Monte Carlo Tree Search (MCTS) is a search strategy used in artificial intelligence to make optimal decisions. It simulates different courses of action to predict the best choice and effectively balances the need to exploit known beneficial actions and explore new ones.


Imagine you’re playing a game of chess. MCTS is a strategy where you think about all the possible moves you can make, and then you dream about how the game might play out for each move. After dreaming a bunch of games, you choose the move that had the best outcomes in your dreams.

In-depth explanation

Monte Carlo Tree Search (MCTS) is an algorithm used in the field of artificial intelligence (AI) particularly in decision-making processes such as game playing. MCTS works by building a search tree over time, where the nodes represent game states and the edges represent moves. It then uses statistical sampling to estimate the value of the state-action pairs. It is unique compared to other game tree search algorithms in its ability to handle larger decision spaces due to its use of random sampling.

At a high level, Monte Carlo Tree Search consists of four steps:

  1. Selection: From the root node (usually representing the current state of the game or situation), the algorithm traverses the tree to select a child node based on a tree policy. This policy should balance the need to exploit promising nodes (those with high win rates) with the need to explore less-visited nodes.

  2. Expansion: A child node is added to expand the tree, typically by selecting an untried move.

  3. Simulation: A simulation or “rollout” is performed from the new child node according to a default policy, usually random choice of moves, until a terminal state is reached.

  4. Backpropagation: The result of the terminal state is then “backpropagated.” This involves updating information at the nodes visited during the selection and expansion stages.

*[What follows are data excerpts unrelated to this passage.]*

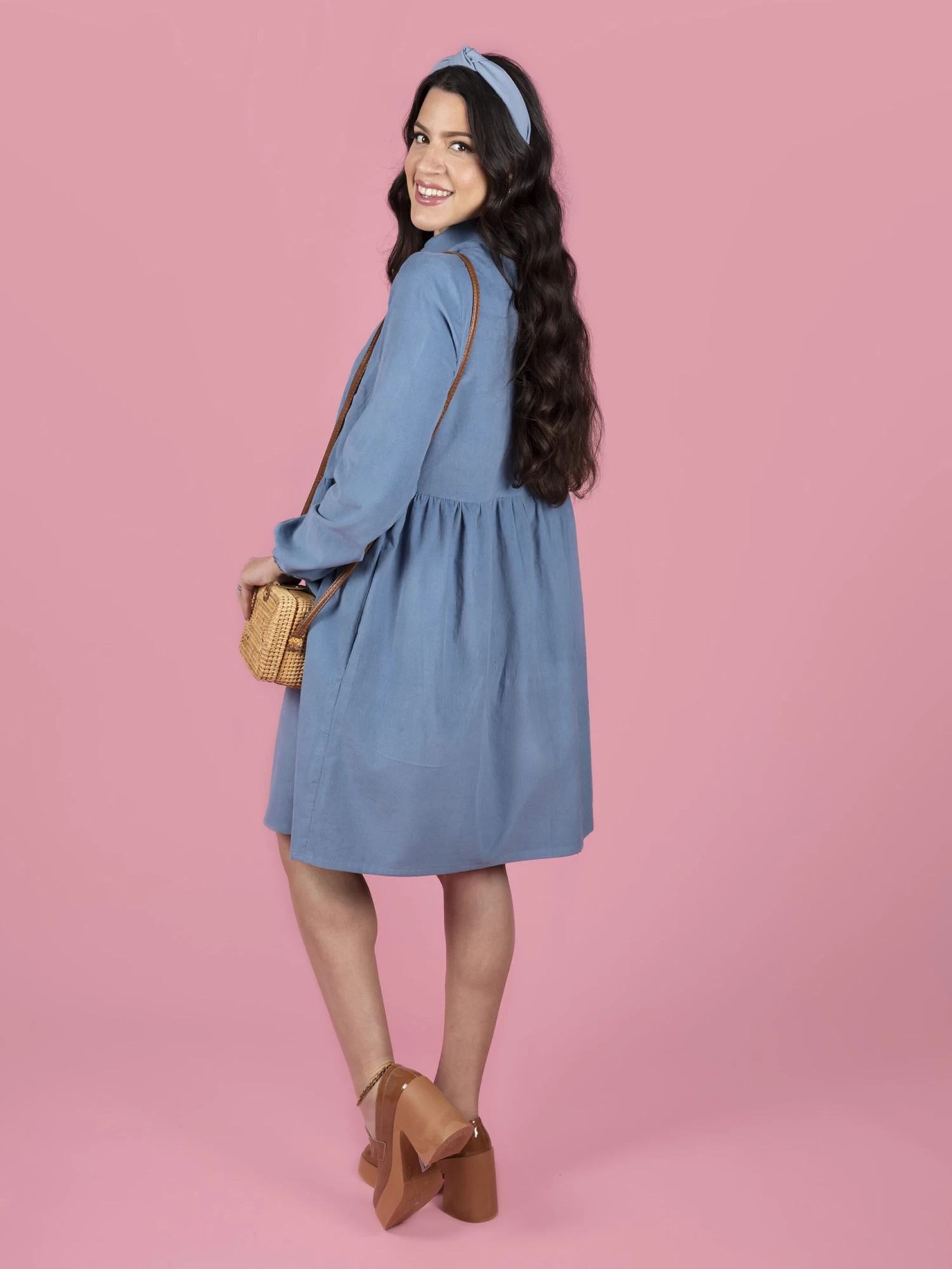 Effortlessly glide in contemporary flair wearing this trendy dress. Infinitely adaptable, opt for breezy cotton in summer, cosy needlecord in winter, or flowy viscose for added elegance. The comfortable bodice features bust darts and a button-front opening, complemented by a timeless two-piece collar and stand.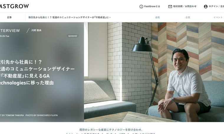 【掲載情報】FASTGLOW(2018.9.27)『取引先から社員に!?電通のコミュニケーションデザイナーが「不動産屋」に見えるGA technologiesに移った理由』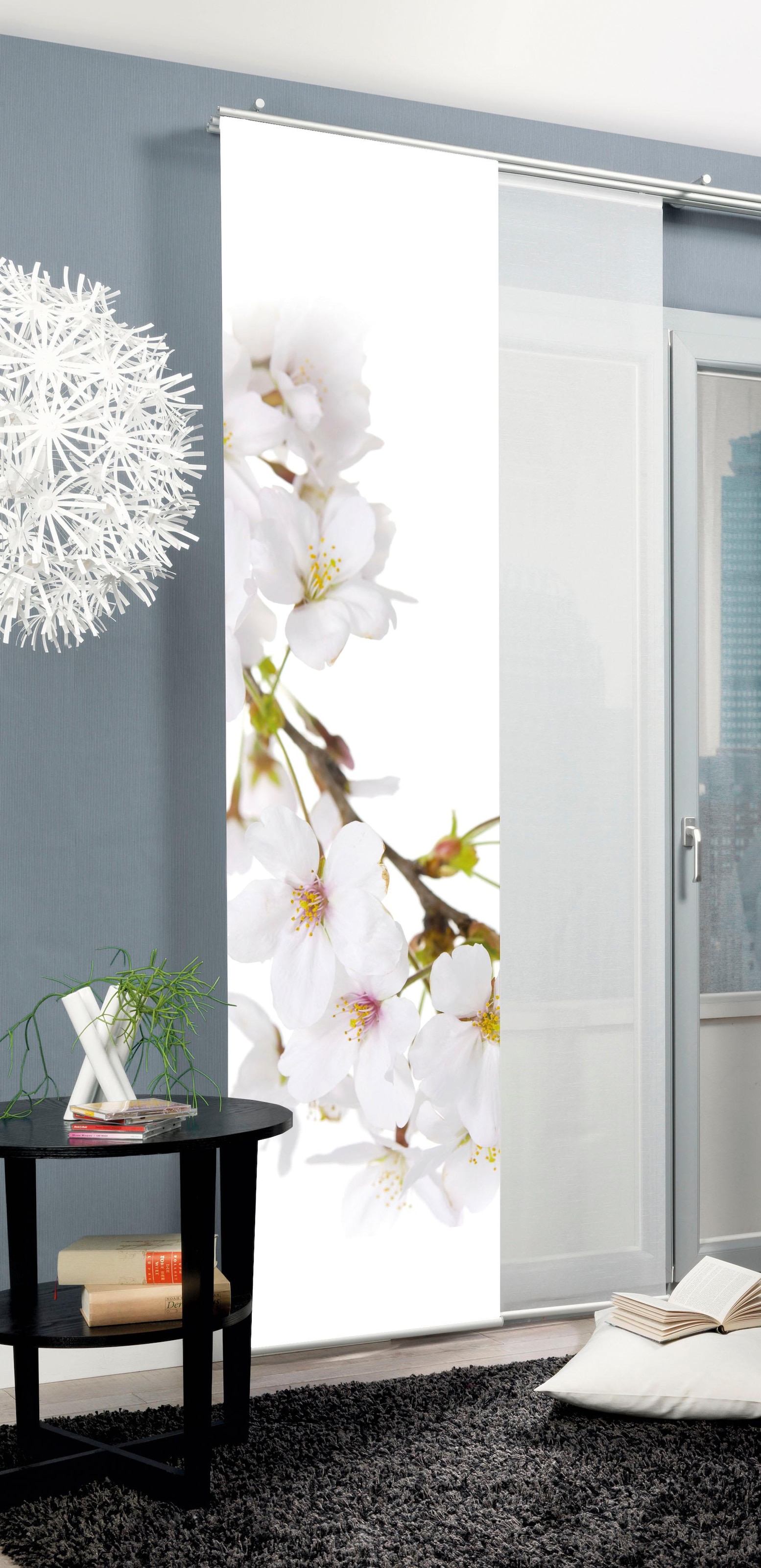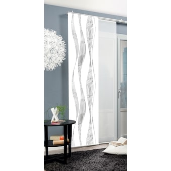 Hinweis Dekoration | Die angegebenen Maße sind die fertig dekorierten Maße.;Eine Schiebegardine ist eine schmale, glatt hängende Stoffbahn, die sich sowohl als Sichtschutz als auch zur Raumteilung eignet. Durch die Schiebetechnik sind Schiebegardinen sehr flexibel einsetzbar. |

This process is repeated as many times as computation allows, with each iteration improving the accuracy of the search tree. The best action is then picked from the root node as per the most promising simulated outcome.

MCTS has been successfully utilised in areas such as board games, most notably Go and Chess, planning problems, scheduling and reinforcement learning settings. It gained publicity with AlphaGo, an AI developed by DeepMind Technologies, that defeated the world champion of Go. The game of Go has a large state space, making traditional search methods unfeasible, and MCTS played a key role in the AI’s victory.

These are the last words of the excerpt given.